• Problem statement: What you return should match the material below line for line, except that no image appears in it.

• Given data:
- Opening Delimiter -

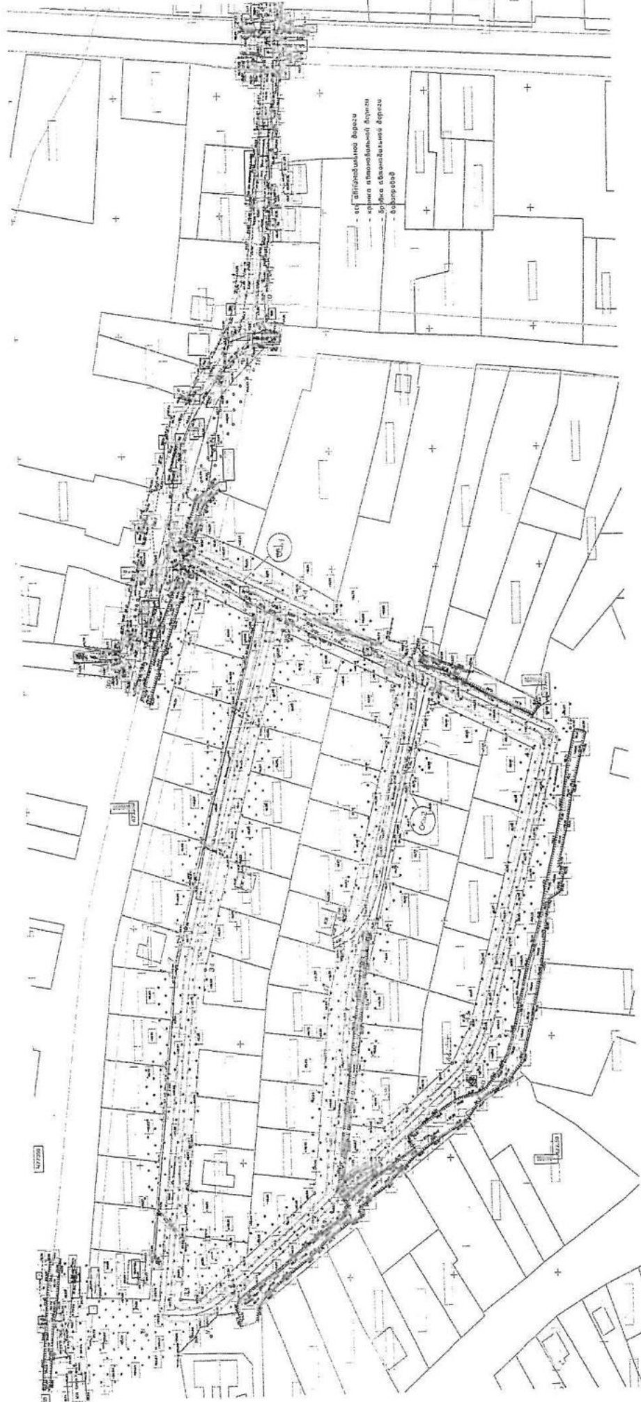
Чертеж планировки территории

Исполняющий обязанности начальника управления архитектуры и градостроительства администрации муниципального образования город-курорт Анапа – главного архитектора муниципального
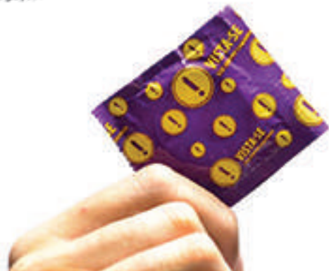
Preservativo ainda é o principal método contraceptivo masculino
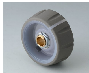
B7236063 CONTROL-KNOBS 36, optional beleuchtetbar PC vulkan 36x14,7mm 6mm
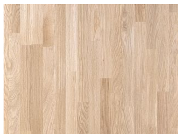
Płyty klejone z drewna litego Dąb Exclusive SW03
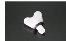
日産純正 ラジエータードレンコック 適合：S30~S130, GC10~R30 B110~B310, KHC130 他 価格：¥590
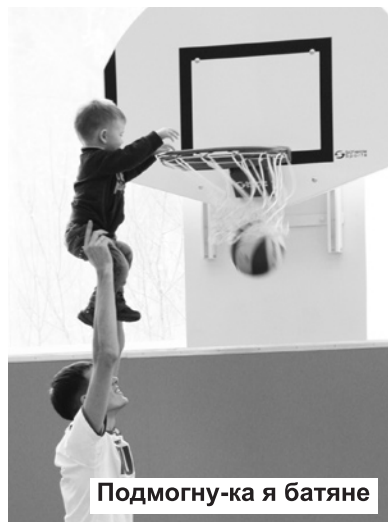
Подмогну-ка я батяне

участие в организации масштабного мероприятия. Огромное спасибо главному его спонсору – компании РусГидро, которая вновь взяла на себя финансирование фестиваля, предоставила площадки для соревнований в прекрасном физкультурно-спортивном комплексе поселка Черемушки. Надеюсь, наше сотрудничество продолжится и будет столь же плодотворно.
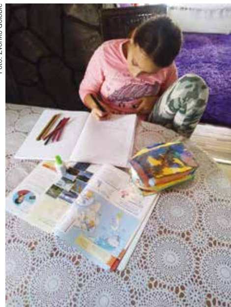
Hči Lilijane Tudi (pogovor z njo na naslednji strani) med pisanjem domače naloge.
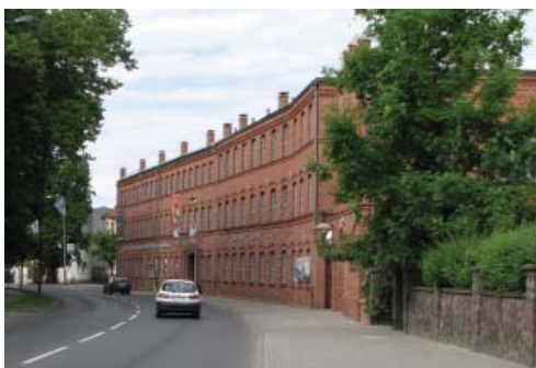
Fot. 2. Dawna Fabryka Wyróbów Metalowych Emila Kelcha, obecnie Centrum Wystawienniczo-Regionalnego Dolnej Wisły „Fabryka Sztuk”

stracili miejsca pracy, znalazło lub samodzielnie zorganizowało sobie zatrudnienie w usługach i drobnym handlu. Działalność ta była jednak lokowana przede wszystkim w zachodniej części miasta oddzielonej od Starego Miasta magistralą kolejową. Na utratę dotychczasowej roli historycznego centrum miała również wpływ lokalizacja wielkich obiektów handlowych na obrzeżach miasta. Malowniczo położone na skarpie nadwiślańskiej historyczne centrum miasta uległo marginalizacji, której towarzyszyły patologie społeczne oraz zły stan techniczny przestrzeni publicznych wraz z otaczającą je historyczną zabudową [Lokalny Program Rewitalizacji... 2009].

- Closing Delimiter -

• Exercise response:
Чертеж планировки территории

Исполняющий обязанности начальника управления архитектуры и градостроительства администрации муниципального образования город-курорт Анапа – главного архитектора муниципального
Preservativo ainda é o principal método contraceptivo masculino
B7236063 CONTROL-KNOBS 36, optional beleuchtetbar PC vulkan 36x14,7mm 6mm
Płyty klejone z drewna litego Dąb Exclusive SW03
日産純正 ラジエータードレンコック 適合：S30~S130, GC10~R30 B110~B310, KHC130 他 価格：¥590
Подмогну-ка я батяне

участие в организации масштабного мероприятия. Огромное спасибо главному его спонсору – компании РусГидро, которая вновь взяла на себя финансирование фестиваля, предоставила площадки для соревнований в прекрасном физкультурно-спортивном комплексе поселка Черемушки. Надеюсь, наше сотрудничество продолжится и будет столь же плодотворно.
Hči Lilijane Tudi (pogovor z njo na naslednji strani) med pisanjem domače naloge.
Fot. 2. Dawna Fabryka Wyróbów Metalowych Emila Kelcha, obecnie Centrum Wystawienniczo-Regionalnego Dolnej Wisły „Fabryka Sztuk”

stracili miejsca pracy, znalazło lub samodzielnie zorganizowało sobie zatrudnienie w usługach i drobnym handlu. Działalność ta była jednak lokowana przede wszystkim w zachodniej części miasta oddzielonej od Starego Miasta magistralą kolejową. Na utratę dotychczasowej roli historycznego centrum miała również wpływ lokalizacja wielkich obiektów handlowych na obrzeżach miasta. Malowniczo położone na skarpie nadwiślańskiej historyczne centrum miasta uległo marginalizacji, której towarzyszyły patologie społeczne oraz zły stan techniczny przestrzeni publicznych wraz z otaczającą je historyczną zabudową [Lokalny Program Rewitalizacji... 2009].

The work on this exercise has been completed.